AVAILABLE DATA START

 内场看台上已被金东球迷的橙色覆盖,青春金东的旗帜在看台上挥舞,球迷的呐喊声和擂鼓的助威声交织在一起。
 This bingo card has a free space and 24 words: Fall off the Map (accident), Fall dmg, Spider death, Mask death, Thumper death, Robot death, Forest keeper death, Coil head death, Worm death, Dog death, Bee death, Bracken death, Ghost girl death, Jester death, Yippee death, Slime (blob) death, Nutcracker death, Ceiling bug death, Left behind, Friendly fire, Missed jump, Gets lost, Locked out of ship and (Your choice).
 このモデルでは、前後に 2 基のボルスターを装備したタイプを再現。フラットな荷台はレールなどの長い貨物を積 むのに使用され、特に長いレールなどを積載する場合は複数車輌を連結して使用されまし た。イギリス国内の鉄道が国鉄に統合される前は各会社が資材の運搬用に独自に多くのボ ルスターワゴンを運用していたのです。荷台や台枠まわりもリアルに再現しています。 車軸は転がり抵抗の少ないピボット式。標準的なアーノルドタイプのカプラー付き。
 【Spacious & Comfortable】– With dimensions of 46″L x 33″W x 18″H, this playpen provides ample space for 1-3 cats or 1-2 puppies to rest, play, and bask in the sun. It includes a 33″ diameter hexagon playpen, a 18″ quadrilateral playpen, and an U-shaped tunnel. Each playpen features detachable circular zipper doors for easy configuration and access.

AVAILABLE DATA END
AVAILABLE DATA START

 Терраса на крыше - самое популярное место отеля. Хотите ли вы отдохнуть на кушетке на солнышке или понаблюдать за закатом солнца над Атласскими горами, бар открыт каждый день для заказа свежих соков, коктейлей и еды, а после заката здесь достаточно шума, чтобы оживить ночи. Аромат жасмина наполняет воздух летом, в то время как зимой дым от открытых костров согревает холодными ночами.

AVAILABLE DATA END

TASK | Once the line with "このモデルでは、前後に 2 基のボルスターを装備したタイプを再現。フラットな荷台はレールなどの長い貨物を積" is found in the records above, print exactly that line and every line after it through the line with "configuration and access.".

OUTPUT FOR THIS EXERCISE |
 このモデルでは、前後に 2 基のボルスターを装備したタイプを再現。フラットな荷台はレールなどの長い貨物を積 むのに使用され、特に長いレールなどを積載する場合は複数車輌を連結して使用されまし た。イギリス国内の鉄道が国鉄に統合される前は各会社が資材の運搬用に独自に多くのボ ルスターワゴンを運用していたのです。荷台や台枠まわりもリアルに再現しています。 車軸は転がり抵抗の少ないピボット式。標準的なアーノルドタイプのカプラー付き。
 【Spacious & Comfortable】– With dimensions of 46″L x 33″W x 18″H, this playpen provides ample space for 1-3 cats or 1-2 puppies to rest, play, and bask in the sun. It includes a 33″ diameter hexagon playpen, a 18″ quadrilateral playpen, and an U-shaped tunnel. Each playpen features detachable circular zipper doors for easy configuration and access.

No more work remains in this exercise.